Espaço Cultural Renato Russo

Brasília (DF)

2023

Promovida pelo Museu das Mulheres

Curadoria: Suyan de Mattos

Fotos: Humberto Araújo

Vânia Moraes | Texto
 

A pele, uma atrevida. Atreve-se a ser órgão disfarçado. Reveste nossas entranhas como se fosse muito diferente delas. Atreve-se ainda mais ao nos iludir de que estabelece um limite entre nós e o outro, entre o eu e o mundo, quando somos quase uma coisa só, nos influenciando mutuamente. Talvez a pele seja um dos agentes mais poderosos do ego a nos iludir a respeito de nossa individualidade. 

 

Atrevida, denuncia nossa idade, nosso envelhecimento, nossos rubor e constrangimentos, nossas noites mal dormidas, nosso abatimento e palidez.
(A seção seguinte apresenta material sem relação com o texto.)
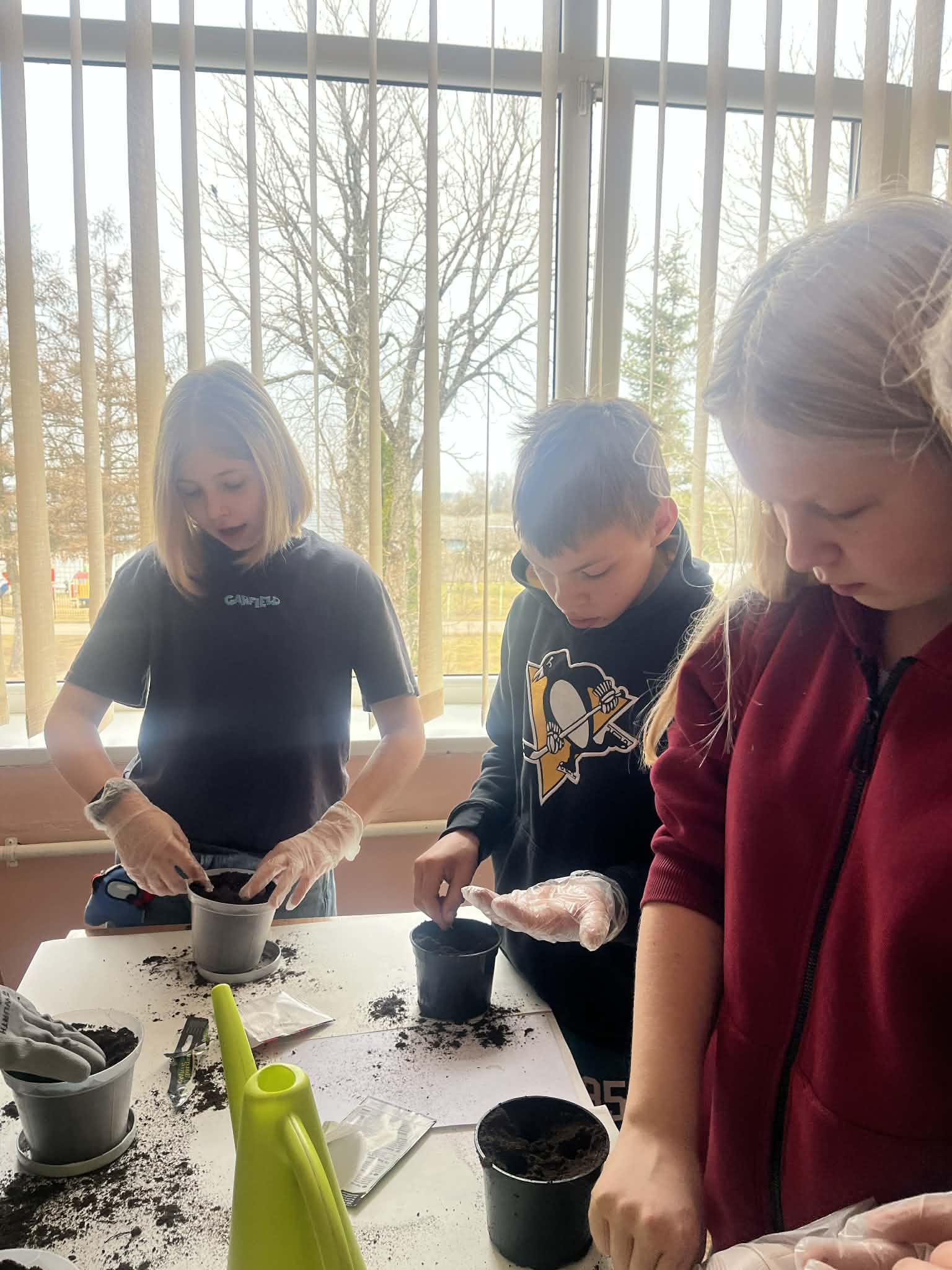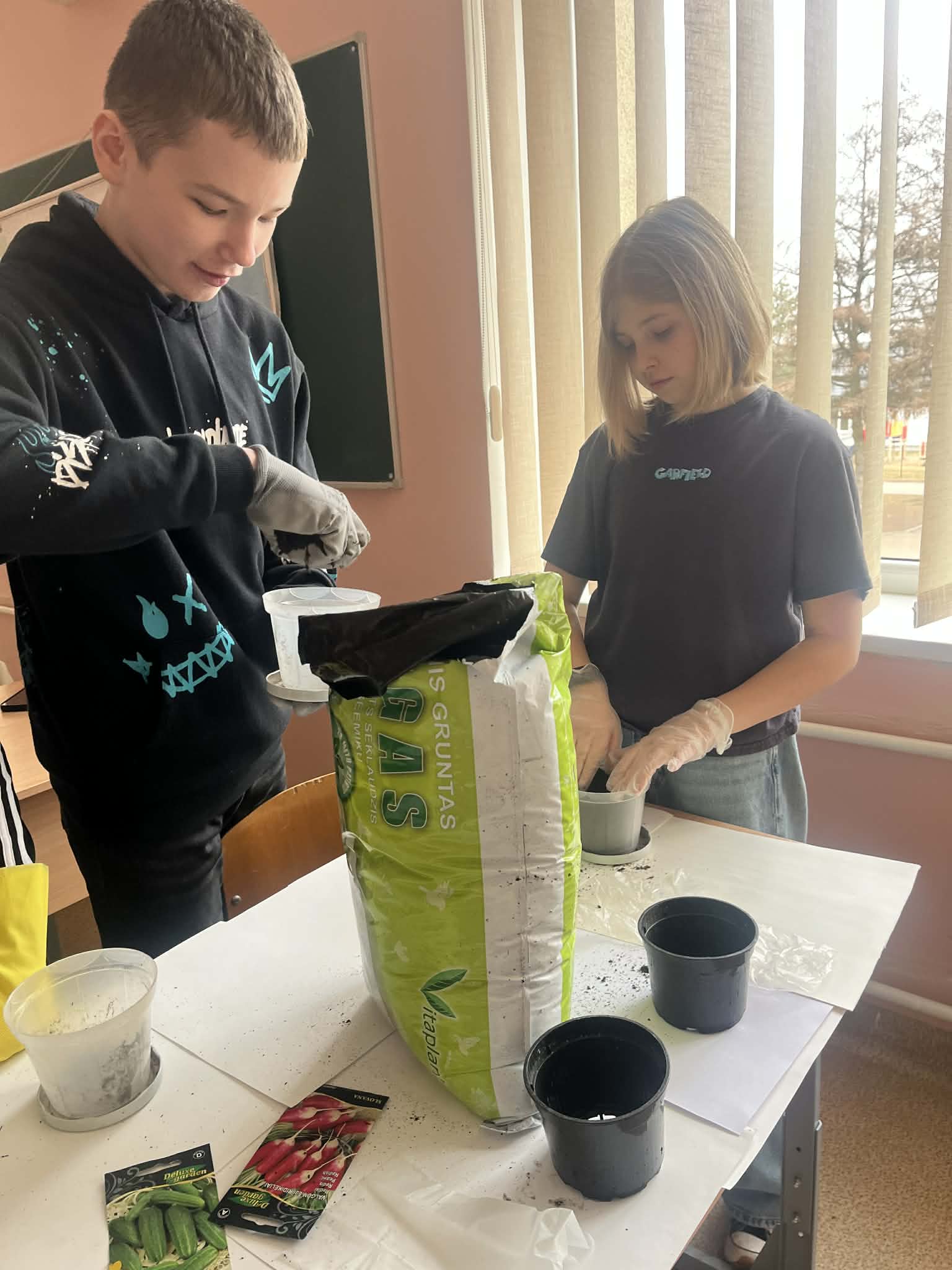 Gamtos mokslų pamokų metu mokiniai kartu su mokytoja Valentyna Grinevič aptarė temą „Vazoniniai augalai – gyvenimo sąlygos, priežiūra ir svarba“. 5 klasės mokiniai sužinojo apie vazoninių augalų priežiūros principus, aptarė laistymą, tręšimą ir tinkamą augalų išdėstymą namuose. Tai padėjo jiems išmokti rūpintis augalais, kad gėlės augtų sveikai ir atrodytų gražiai. Mokiniai sužinojo apie šaknų, stiebų, lapų ir žiedų funkcijas. Taip pat tyrinėjo, ko augalams reikia, kad išgyventų – šviesos, vandens, oro ir tinkamos temperatūros. 6 klasės kiekvienas mokinys turėjo galimybę savarankiškai pasėti agurkų ir ridikėlių sėklas į paruoštus vazonėlius. Mokiniai kruopščiai pripildė vazonėlius dirvožemiu, įdėjo sėklas ir švelniai jas palaistė. Jie dirbo su dideliu atsidavimu ir smalsumu, stebėdami kiekvieną proceso žingsnį. Užsiėmimo pabaigoje mokiniai pastatė savo vazonėlius į tinkamas vietas ir nustatė tolesnės augalų priežiūros gaires. Dabar jie gali nekantriai stebėti pirmuosius daigus ir savo augalų augimą. Pamokos buvo labai įdomios ir leido mokiniams įgyti praktinių įgūdžių, kuriuos jie neabejotinai pritaikys kasdieniame gyvenime.
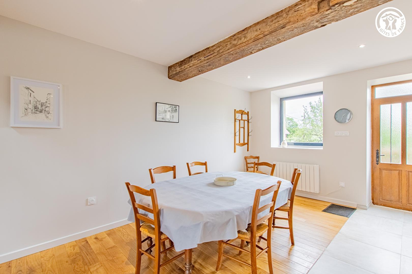 Composition : Maison mitoyenne à dépendance agricole jouxtant maison propriétaires (totale indépendance). Wifi (fibre). Chauffage électrique. Rdc surélevé : séjour-cuisine-salon. 1er étage : espace bureau (mezzanine palière), 3 chambres (3 lits 1 p. 90x190cm dont 2 superposés / lit 2 p. 160x200cm / lit 2 p. 160x200cm) dont une avec salle d'eau privée (douche/Wc), salle de bain (baignoire + douche + Wc). Terrasse + jardin (400m² avec table ping-pong) + parking privés. Supermarché à 1 km. Commerces 1.5 km.
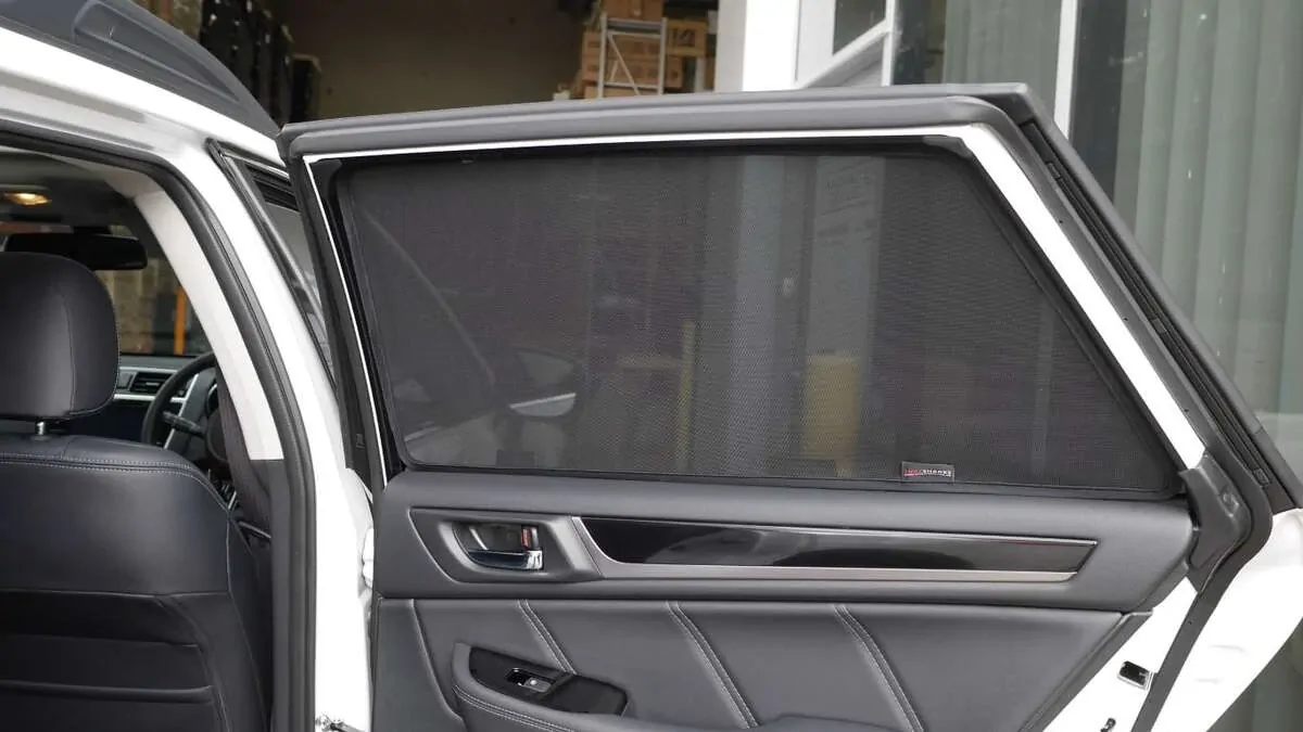 Note: Our custom sun shades block out a significant amount of light and UV rays that enter from the front windscreen, however due to the angle of the front windscreen and additional sensors or different mirror shapes/sizes available for different models, there may be slight gaps around your rear-view mirror or sides to allow the sun shade to fit.
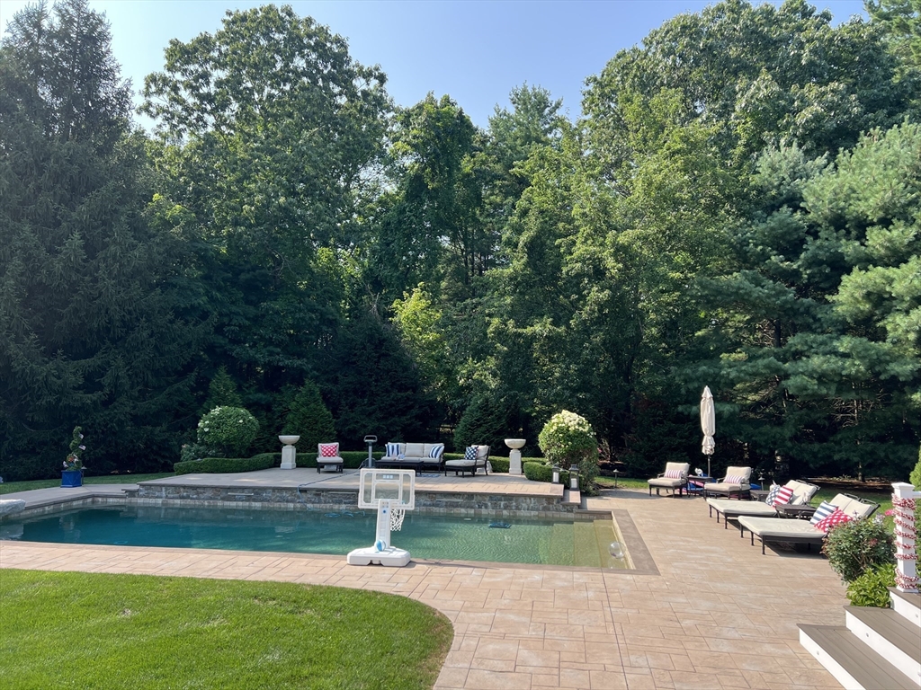 Custom-built expansive 5 bedroom Cape offering nearly 5,000 square feet of refined yet comfortable living.The first floor spans over 3,300 square feet and is designed around walls of glass that flood the home with natural light and provide seamless access to a private, resort-like outdoor setting featuring a state-of-the-art gunite pool.Generous interior spaces are ideal for both everyday living and entertaining. The chef’s kitchen showcases white cabinetry, a large center island, and opens to additional dining and gathering areas. A welcoming family room features a gas fireplace flanked by floor-to-ceiling built-in bookcases, while French doors lead to a formal dining room.The first-floor primary wing delivers a five-star experience with elegant primary; newly renovated spa-inspired bath, dual walk-in closets, and a private office. The second level offers two spacious bedrooms and a separate family/playroom, providing flexible living space. Located near beaches, schools & commuting.

É ela que se apresenta como nudez, que seduz e se esconde, que reveste nossa sexualidade, que é tocada, acariciada, cutucada, que comunica prazer e dor. 

 

Atreve-se ainda a aparecer uniforme e compacta, ela tão heterogênea e porosa, repleta de irregularidades. Barreira de proteção que deixa absorver boa parte do que nela encosta, tornando-se um fora e dentro, um eu e não eu. Uma verdadeira contradição. 

 

Um agente político e de dominação. Instrumento de racismo, de etarismo e de tantas outras exclusões. Uma identidade que se apresenta de fora para dentro, que segue modismos e que às vezes nos confunde sobre quem somos realmente. É o nosso eu diante do espelho, nos iludindo de que esta imagem refletida somos nós. 

 

Atrevimento maior ainda é pele de pedra. É arte que nos convida a refletirmos sobre isso que é gente e natureza ao mesmo tempo. Algo que é rígido e belo, duro e macio. Um convite ao olhar, mas também ao toque. Um mineral que se apresenta em um formato tão humano. Esqueceu que nos ensinaram que os minerais e os humanos pertencem a reinos diferentes. Universos separados, cada um no seu quadrado. 

 

Que pedra atrevida que se fez sob a aparência de pele. Que nos faz pensar em nossas marcas, em nossas manchas, em nossa subjetividade e em nossa história. Um convite à reflexão. E um convite ainda maior à beleza, pois assim como o objeto cutâneo original, a pele de pedra é bela, é linda. 

 

Mas para ser arte é preciso ousadia. É preciso olhar para o que aí está e ver algo novo, ver maciez no que é duro, ver pele em pedra. É ver vida onde aparentemente não há. É tirar de dentro de si a pele/arte que nos habita e trazer para o mundo de forma tão atrevida. 

 

É a testemunhar este atrevimento que Léa Juliana nos convida. Ela também menina atrevida. Faz arte sem estardalhaço, mas que provoca, por meio de seu trabalho, um olhar novo sobre o que já é tão comum a todas e a todos nós. Um convite para olharmos nossas peles, mas também e, talvez principalmente, nossas pedras.